1) Collaborateur d'un groupe d'élus d'une collectivité territoriale - Motif - Perte de confiance de la part du groupe - a) Légalité - Existence - b) Contrôle du juge de l'excès de pouvoir - Absence (1) - 2) Agent disposant, à la date du licenciement, de de jours de RTT et de congés - a) Incidence sur la légalité - Absence - b) Droit à indemnité - Existence (2).




1) a) Il résulte des dispositions des articles L. 2121-28 du code général des collectivités territoriales et 110-1 de la loi n° 84-53 du 26 janvier 1984, codifiées à l'article L. 333-12 du code général de la fonction publique, que la décision de licencier un agent contractuel recruté pour exercer les fonctions de collaborateur d'un groupe d'élus, lesquelles font participer à l'activité du groupe politique auquel cet agent est affecté, peut légalement être motivée par la circonstance que ce dernier ne dispose plus, de la part du groupe d'élus, de la confiance nécessaire au bon accomplissement de ses missions. b) Il appartient au juge de l'excès de pouvoir de contrôler qu'une telle décision ne repose pas sur un motif matériellement inexact ou une erreur de droit et qu'elle n'est pas entachée de détournement de pouvoir. 2) a) Il résulte des dispositions du deuxième alinéa de l'article 5, dans sa rédaction applicable au litige, et des articles 40 et 42-1 du décret n° 88-145 du 15 février 1988, que la circonstance que la date de fin de contrat fixée par la décision de licenciement d'un agent contractuel ne permet pas à celui-ci de bénéficier de tous les jours de réduction de temps de travail (RTT) et de congés auxquels il peut prétendre est sans incidence sur la légalité de cette décision, b) et ouvre seulement à l'intéressé un droit à indemnité.





36-13-01-03 : Fonctionnaires et agents publics- Contentieux de la fonction publique- Contentieux de l`annulation- Pouvoirs du juge-

Collaborateur d'un groupe d'élus d'une collectivité territoriale - Licenciement - Motif - Perte de confiance de la part du groupe - Légalité - Existence - Contrôle du juge de l'excès de pouvoir - Absence (1).

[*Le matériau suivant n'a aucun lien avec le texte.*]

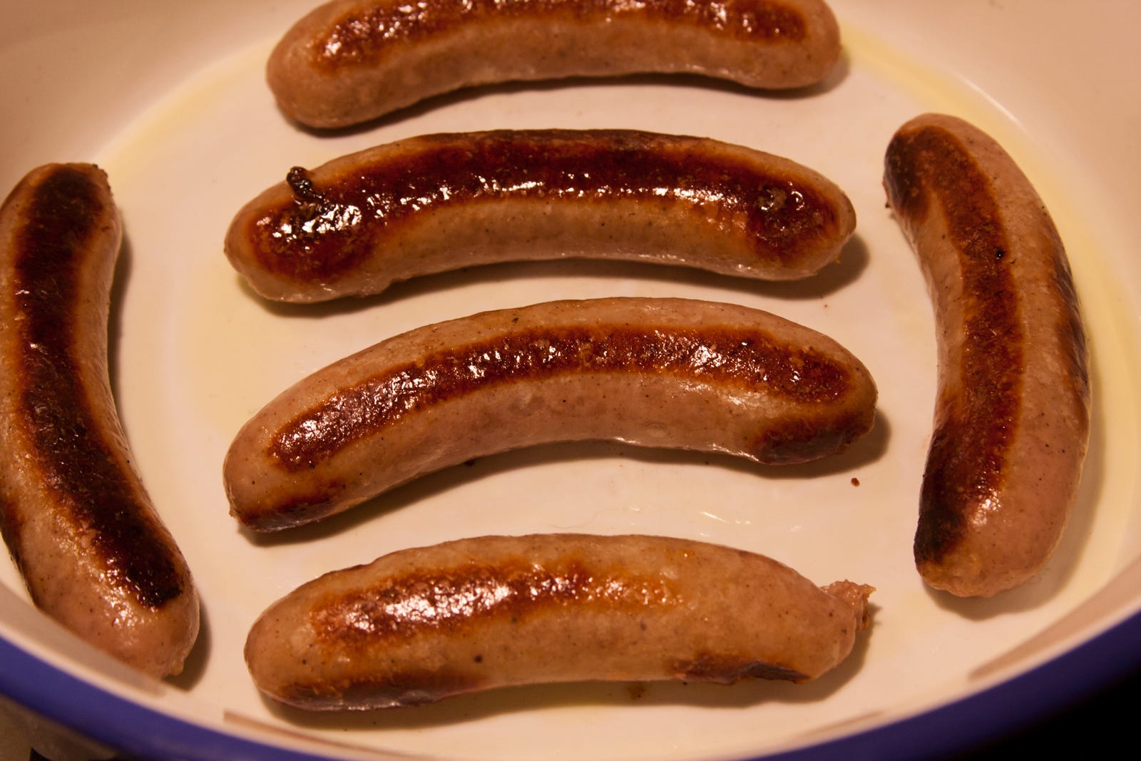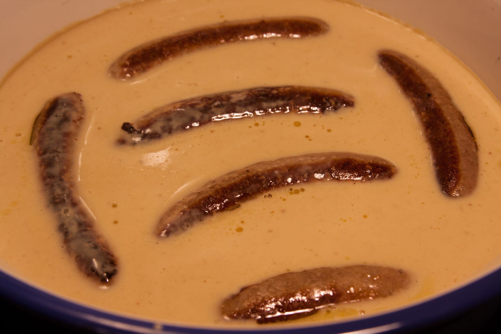 The pot I used was deep, but wasn't really very wide, so my proportion was a bit off. Adjust the number of sausages to fit the pan

Il résulte des dispositions des articles L. 2121-28 du code général des collectivités territoriales et 110-1 de la loi n° 84-53 du 26 janvier 1984, codifiées à l'article L. 333-12 du code général de la fonction publique, que la décision de licencier un agent contractuel recruté pour exercer les fonctions de collaborateur d'un groupe d'élus, lesquelles font participer à l'activité du groupe politique auquel cet agent est affecté, peut légalement être motivée par la circonstance que ce dernier ne dispose plus, de la part du groupe d'élus, de la confiance nécessaire au bon accomplissement de ses missions. Il appartient au juge de l'excès de pouvoir de contrôler qu'une telle décision ne repose pas sur un motif matériellement inexact ou une erreur de droit et qu'elle n'est pas entachée de détournement de pouvoir.

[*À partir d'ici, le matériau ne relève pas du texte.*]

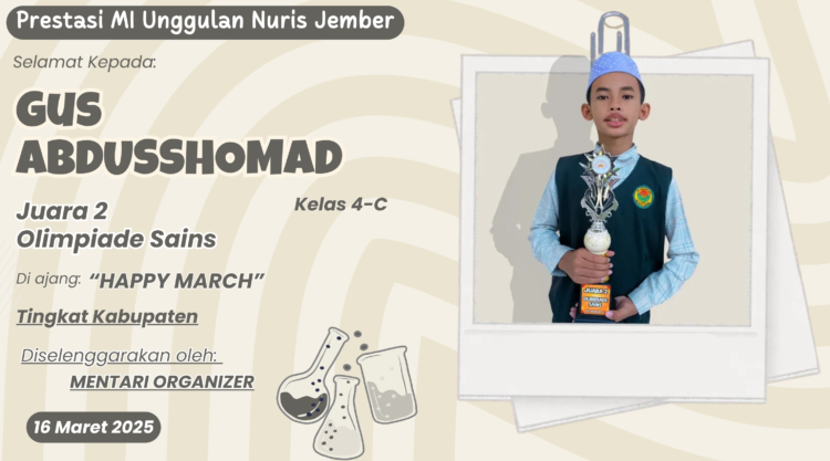 Masih dalam kemeriahan event “HAPPY MARCH” yang diselenggarakan oleh Mentari Organizer pada 16 Maret 2025 lalu, Gus Abdu berhasil meraih predikat Juara 2 dalam Olimpiade Sains tingkat Kabupaten. Prestasi ini menyusul keberhasilannya sebelumnya yang meraih Juara Harapan 1 di bidang Matematika. Memborong dua piala sekaligus dari dua bidang MIPA yang berbeda tentu sebuah pencapaian yang sangat langka dan membanggakan.

54-07-02-01 : Procédure- Pouvoirs et devoirs du juge- Contrôle du juge de l`excès de pouvoir- Appréciations échappant au contrôle du juge-

Licenciement d'un collaborateur d'un groupe d'élus d'une collectivité territoriale - Motif tiré de la perte de confiance de la part du groupe (1).




Il résulte des dispositions des articles L. 2121-28 du code général des collectivités territoriales et 110-1 de la loi n° 84-53 du 26 janvier 1984, codifiées à l'article L. 333-12 du code général de la fonction publique, que la décision de licencier un agent contractuel recruté pour exercer les fonctions de collaborateur d'un groupe d'élus, lesquelles font participer à l'activité du groupe politique auquel cet agent est affecté, peut légalement être motivée par la circonstance que ce dernier ne dispose plus, de la part du groupe d'élus, de la confiance nécessaire au bon accomplissement de ses missions. Il appartient au juge de l'excès de pouvoir de contrôler qu'une telle décision ne repose pas sur un motif matériellement inexact ou une erreur de droit et qu'elle n'est pas entachée de détournement de pouvoir.


(1) Rappr., pour les collaborateurs de cabinet des autorités territoriales, CE, 28 décembre 2001, Commune de Saint-Jory c/ Mme , n° 225189, p. 681. (2) Cf., s'agissant des agents contractuels de la fonction publique hospitalière, CE, 15 mars 2017, Mme , n° 390757, T. p. 649.